Desde los versos cargados de ambigüedad en Macbeth hasta los encantamientos silenciados entre los muros de un castillo gótico, las brujas literarias han dejado un reguero de símbolos, temores y anhelos que sigue fermentando en la literatura moderna. Y, de todas ellas, han sido las brujas góticas, en particular, las que más han influido en la configuración de las antiheroínas contemporáneas: esas figuras complejas que caminan entre el deseo y el castigo, lo íntimo y lo político.

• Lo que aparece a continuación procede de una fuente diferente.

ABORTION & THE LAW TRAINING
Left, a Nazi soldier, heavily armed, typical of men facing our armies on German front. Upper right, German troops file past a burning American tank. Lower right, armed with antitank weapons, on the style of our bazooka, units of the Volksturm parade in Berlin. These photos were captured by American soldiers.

En novelas como Las horas de Michael Cunningham o La campana de cristal de Sylvia Plath resuenan ecos de esas mujeres brujas del gótico: marginales, lúgubres, rotas pero insumisas. Incluso cuando el término “bruja” no se pronuncia, la estructura está ahí: mujeres con poder que incomoda, que no encajan, que eligen. También cuando pienso en brujas parte de literatura de fantasía feminista pienso en Circe de Madeline Miller donde se retoma la figura arquetípica de la bruja para reescribirla desde la agencia, el deseo y la autodefinición.

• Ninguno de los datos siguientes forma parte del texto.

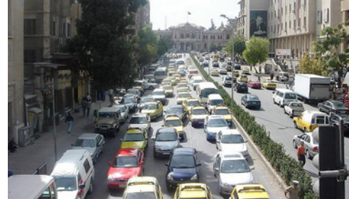
Urban streets, Damascus

Most Syrian cities still have an old (or ancient) part of town that includes businesses and residences. Souks (markets) offer food, crafts, and other goods for sale, just as in the past. Many people participate in the preparation, manufacture, or sale of this merchandise. Modern-day craftsmen may come to souks to sell their handicrafts such as clothing, jewelry, decorative items, blown glass artifacts, and leather products. This economy, however, is changing with the advent of technology.
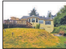
91579 Hwy 202, Astoria $199,000
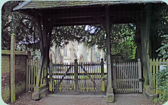
Enter the churchyard via the lych gate

Follow the path to the right of the church, noticing the Catholic Church on your right, and go round the end of the

Quizás, en el fondo, las brujas literarias nos siguen fascinando porque encarnan algo que aún duele nombrar: el miedo a las mujeres que hablan demasiado, que saben demasiado, que desean sin pedir permiso. Y por eso no desaparecen, sino que mutan. Se quitan el sombrero puntiagudo, se ponen sus botas Doc Martens o se mudan a la naturaleza en busca de paz y sosiego, pero ahí siguen, susurrándonos desde las páginas: que la historia aún no ha terminado. Y que quizás la próxima vez, la manzana no traiga veneno… sino la semilla de un espacio para todas ellas.